То есть, бывают, конечно. Классические.

Тёмные.

И ещё некромантические. Это из запретных разделов магии. И надо тогда обращаться в полицию. С заявлением. Требовать досмотра… пусть проверяют, выявляют.

— Сиди, сиди, — Ляля черпала воду из воздуха и лила на лицо. — Сейчас пройдёт.

— Я… в полицию пойду.

— Сходи, — бабушка уже водила пальцами по спине, от шеи и ниже. И в позвоночнике эти её прикосновения отзывались лютым холодом. — Вреда не будет, но и пользы тоже. Проклятье ведьмовское, а стало быть, ничего-то они не найдут.

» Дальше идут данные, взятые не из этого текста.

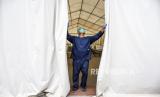 Petugas kesehatan membuka tirai penghalang di Posko Covid-19 RSUD Al-Ihsan, Baleendah, Kabupaten Bandung, Kamis (30/12). Ahli epidemiologi lapangan dari Universitas Jenderal Soedirman (Unsoed) dr. Yudhi Wibowo mengingatkan pemerintah daerah untuk memastikan kesiapan fasilitas layanan kesehatan (Faskes). Hal tersebut guna mengantisipasi peningkatan kasus Covid-19 menyusul munculnya varian Omicron. Foto: Republika/Abdan Syakura (FOTO : REPUBLIKA/ABDAN SYAKURA)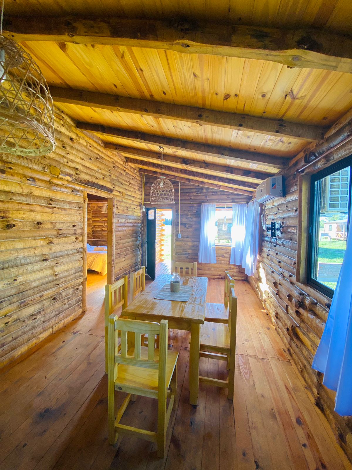 Dans l'espace intérieur de chaque cabane, vous trouverez une cuisine-salle à manger complète. Il dispose d'un ensemble de salle à manger, d'ustensiles de cuisine et appareils électroménagers de première ligne, bouilloire électrique, four électrique avec anafe, réfrigérateur rétro vintage. En outre climatisation chaud/froid, Smart TV avec Android et Wi-Fi. Les chambres sont adaptées pour deux et quatre personnes, selon le chalet. Ils ont des lits super king size 2Mx2M, linge de lit complet unique et calme.

Но как же… Ульяна сама видела.

И ладно бы только видела. В конце концов, увиденное могло быть иллюзией, но она же чувствовала! Вот эти тонкие злые нити, которые уходили вглубь её тела. Они… они существовали!

И там, внутри, тоже чернота пряталась.

Под сердцем.

— Тише, детонька, разберемся… со всем… признаюсь, тогда я крепко оплошала. Всё, Ляля, отпускай. Теперь поутихнет. Я, как увидела эту вот хмарь… даже не такую. У тебя махонькая, а там прямо кипело всё, чернотой переливаясь, у меня сердце едва и не стало. А она подходит и говорит, мол, маменька, не лезь, куда не просят.

— А вы?

— А я полезла… такое… оно не бывает задарма. Да и не хватило бы у неё собственных сил. Крепко не хватило бы… она ж слабой всегда была. Значит, что?

— Что? — спросила за Ульяну Ляля, чья влажная, но тёплая ладонь крепко держала за руку.

— Значит, что где-то она их взяла. Но тех, что взяла, надолго не хватит. Их никогда не хватает, чтобы полностью…

Чернота внутри сворачивалась клубком. Она перекатывалась и… успокаивалась.

— Я и спросила, мол, чем платить будешь.

— А она?

— Она ответила, что не моего ума это дело… всегда была упрямой, своевольною. Но вот чтобы такое… — бабушка покачала головой. — И говорит, что дело сделано. Что одним любовь, другим — жизнь долгую и приятную. И выберет она второе. Что не позволит с собою, как с подружками, когда их в доме заперли и детишек рожать заставили… будто кто-то запирал и заставлял. Но нет… вбила себе в голову, что… ну не о том речь. Мне сказала, что клятва принесена, обряд завершён. И что если ей счастья желаю, то оставлю всё, как оно есть. А иначе — я ей не мать.

Страсти какие. Главное, воспринимается всё до крайности опосредованно. Как сказка. Такая вот, Ульяны напрямую не касающаяся.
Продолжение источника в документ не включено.